Hey Hackers! Brooce is a language-agnostic job queue I made in Go. I built it because I like to work on personal projects in a variety of languages, and I want to be able to use the same job queue regardless of what language I'm writing in. I like a lot about Resque, but it has the same flaw as many others: you're all-but-forced to write jobs in its preferred language, Ruby.

Therefore, I built a job queue system where the jobs themselves are just shell commands. It's really simple to get started: you just grab the brooce binary and run it on any Linux system. You then use redis to LPUSH some shell commands to a queue, and then brooce will run them in sequence.

That's really all you need to know to use it, but there are some advanced features under the hood. There's a resque-inspired web interface, multi-threaded job execution, locking, and automatically scheduled cron-like jobs. All features are baked into a single binary that runs on any Linux platform, and can be deployed on an unlimited number of servers. If they can all access the same redis database, they'll all coordinate amongst themselves to work on jobs.

I've been personally relying on brooce with great results! If you try it out, I would welcome your feedback!

Features

  • Single Executable -- Brooce comes as a single executable that runs on any Linux system.
  • Redis Backend -- Redis can be accessed from any programming language, or the command line. Schedule jobs from anywhere.
  • Language-Agnostic -- Jobs are just shell commands. Write jobs in any language.
  • Scalable -- Deploy instances on one server, or many. Each instance can run multiple jobs simultaneously. All instances coordinate amongst themselves.
  • Crash Recovery -- If you run multiple instances of brooce on different servers, they'll monitor each other. All features can survive instances failures, and any jobs being worked on by crashed instances will be marked as failed.
  • Web Interface -- Brooce runs its own password-protected web server. You can access it to monitor currently running jobs across all instances, and list jobs that are pending, delayed, done, or failed. You can look at the stdout/stderr output of jobs while they're running, or after they're done.
  • Job Logging -- Job stdout/stderr output can be logged to redis or log files, for later review through the web interface or your favorite text editor.
  • Timeouts -- To prevent jobs from getting stuck, brooce automatically kills any jobs that don't finish in an hour. You can change this default timeout in brooce.conf, or set per-job timeouts.
  • Locking -- Jobs can use brooce's lock system, or implement their own.

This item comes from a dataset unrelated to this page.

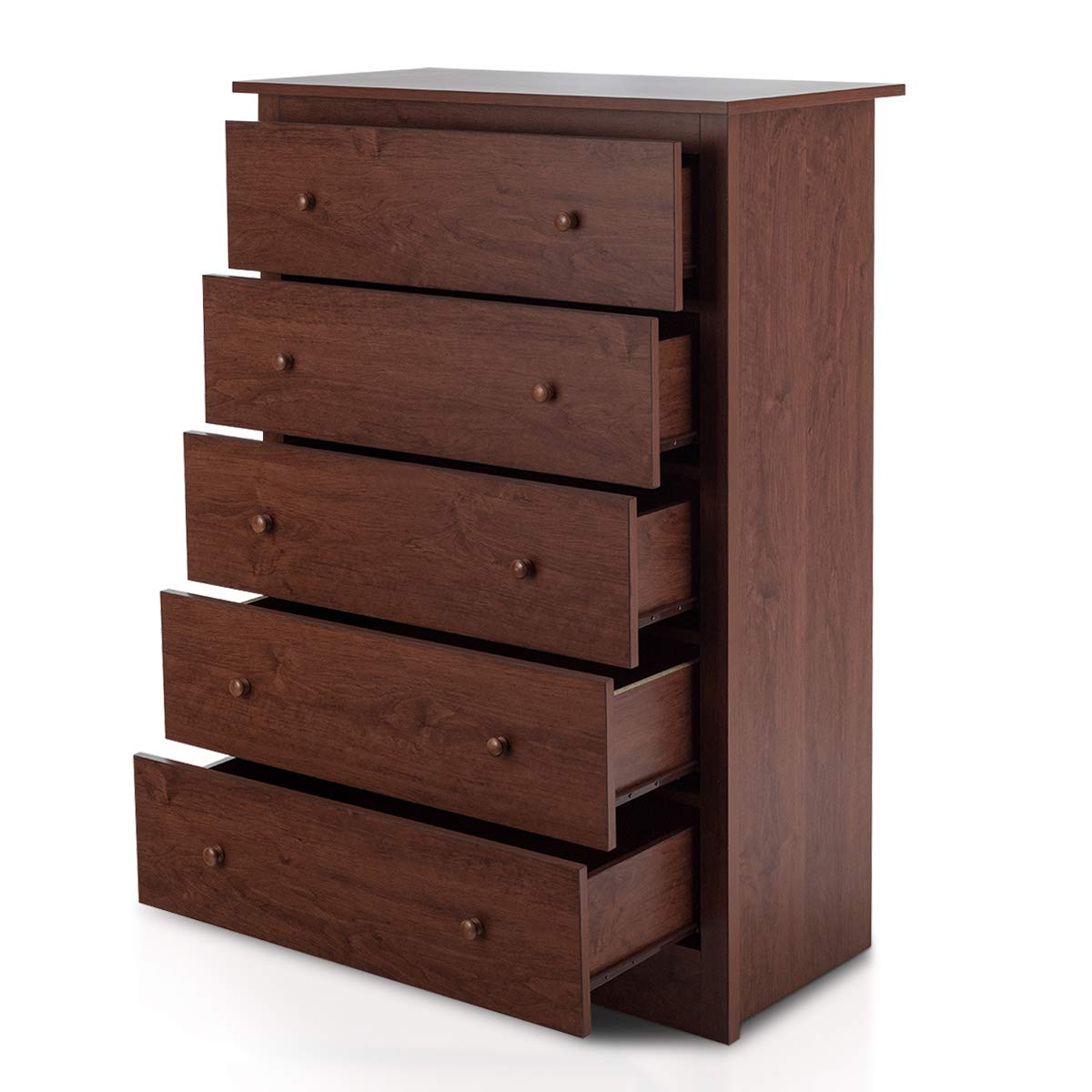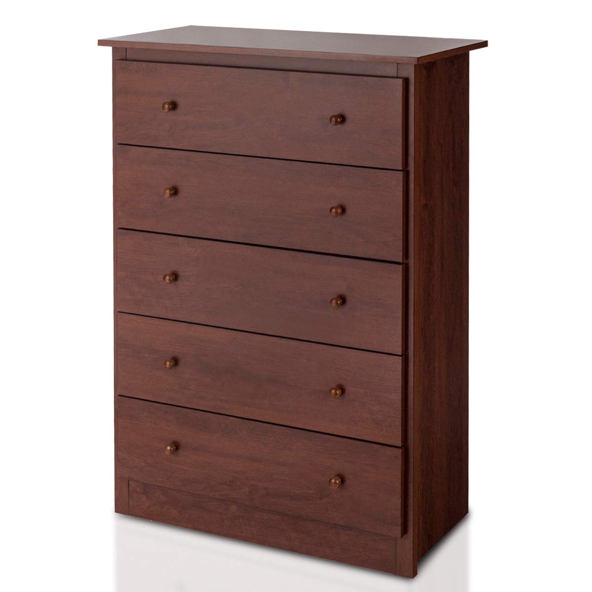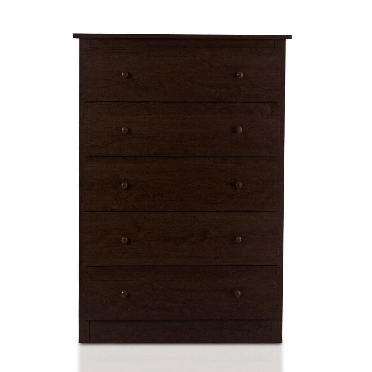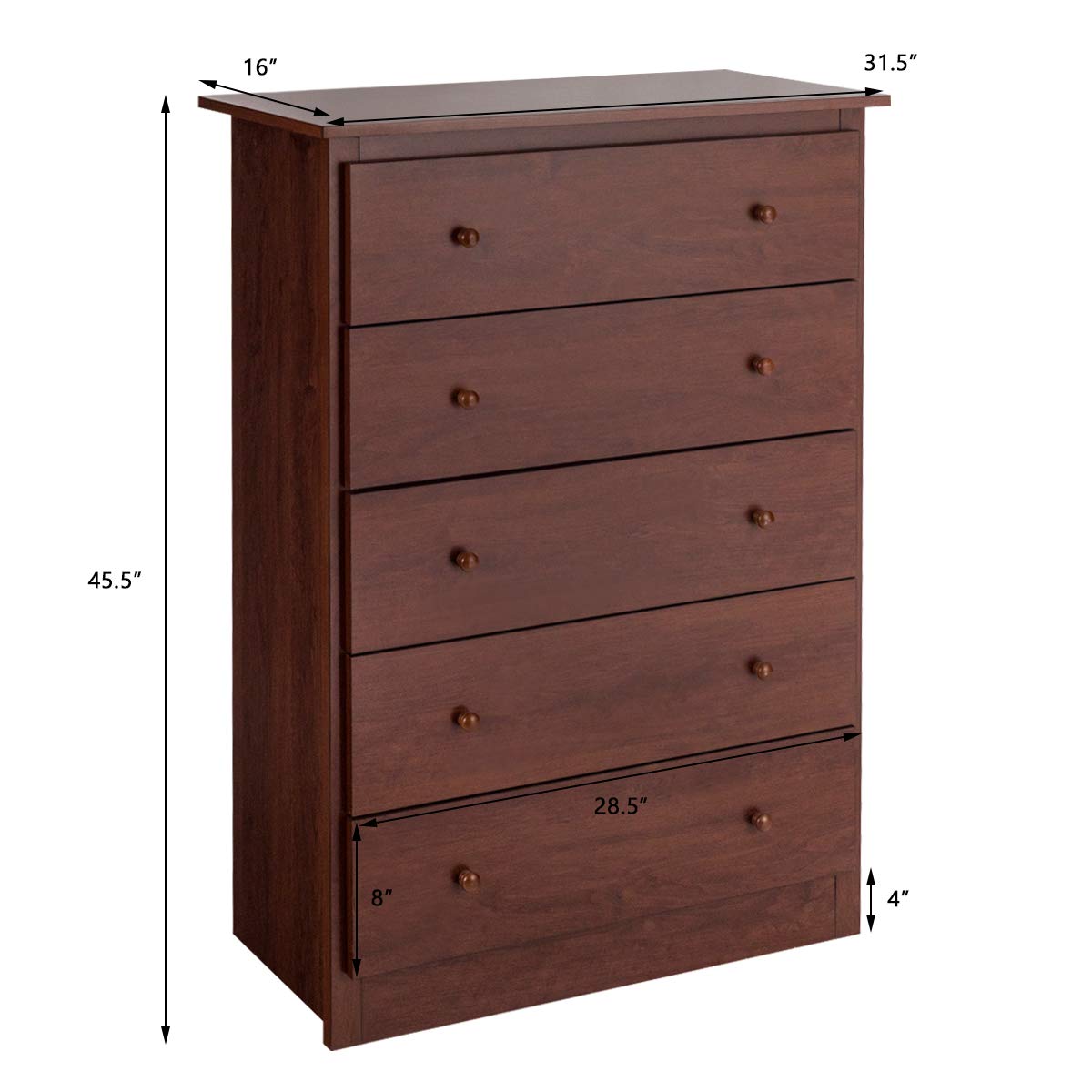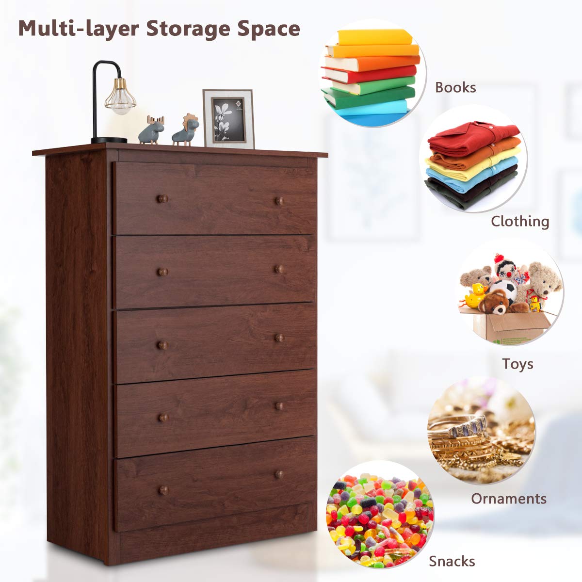 Constructed of premium wood material, this dresser is solid and durable for a long lifespan. It is designed with 5 large drawers, which allows you to store a variety of items. And you can place decorations on the top of this dresser, such as lamps, photos and plants. With sleek and classic style, it is perfect for bedroom, living room, entrance and kid's room.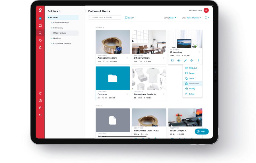 • Pictures, barcodes/QR codes, low stock alerts, and more make managing inventory efficient

A job that can't grab a lock it needs will be delayed and put back on the queue a minute later.
  • Cron Jobs -- Schedule tasks to run on a schedule.
  • Suicide Mode -- Instruct brooce to run a shell command after it's been idle for a pre-set period. Perfect for having unneeded EC2 workers terminate themselves.

Learn Redis First

Brooce uses redis as its database. Redis can be accessed from any programming language, but how to do it for each one is beyond the scope of this documentation. All of our examples will use the redis-cli shell commands, and it's up to you to substitute the equavalents in your language of choice! If you're a programmer and you haven't learned redis yet, you owe it to yourself to do so!

Quick Start

Just a few commands will download bruce and get it running:

sudo apt-get install redis-server
wget https://github.com/SergeyTsalkov/brooce/releases/download/v1.0.0/brooce
chmod 755 brooce
./brooce

You'll see the output shown below:

Unable to read config file /home/sergey/.brooce/brooce.conf so using defaults!
You didn't specify a web username/password, so we generated these: admin/uxuavdia
We wrote a default config file to /home/sergey/.brooce/brooce.conf
Starting HTTP server on :8080
Started with queues: common (x1)

It's telling you that since it couldn't find your config file, it created a default one, and started the web server on port 8080. Since you haven't specified login credentials for the web interface yet, it generated some for you.

Let's run a job!

Now open up another terminal window, and schedule your first command:

redis-cli LPUSH brooce:queue:common:pending 'ls -l ~ | tee ~/files.txt'

Give it a sec to run, and see that it actually ran:

cat ~/files.txt

Check out the web interface!

Type http://<yourIP>:8080 into your browser and you should see the brooce web interface come up. At the top, you'll see the "common" queue with 1 done job. Click on the hyperlinked 1 in the Done column, and you'll see some options to reschedule or delete the job. For now, just click on Show Log and see a listing of the files in your home directory.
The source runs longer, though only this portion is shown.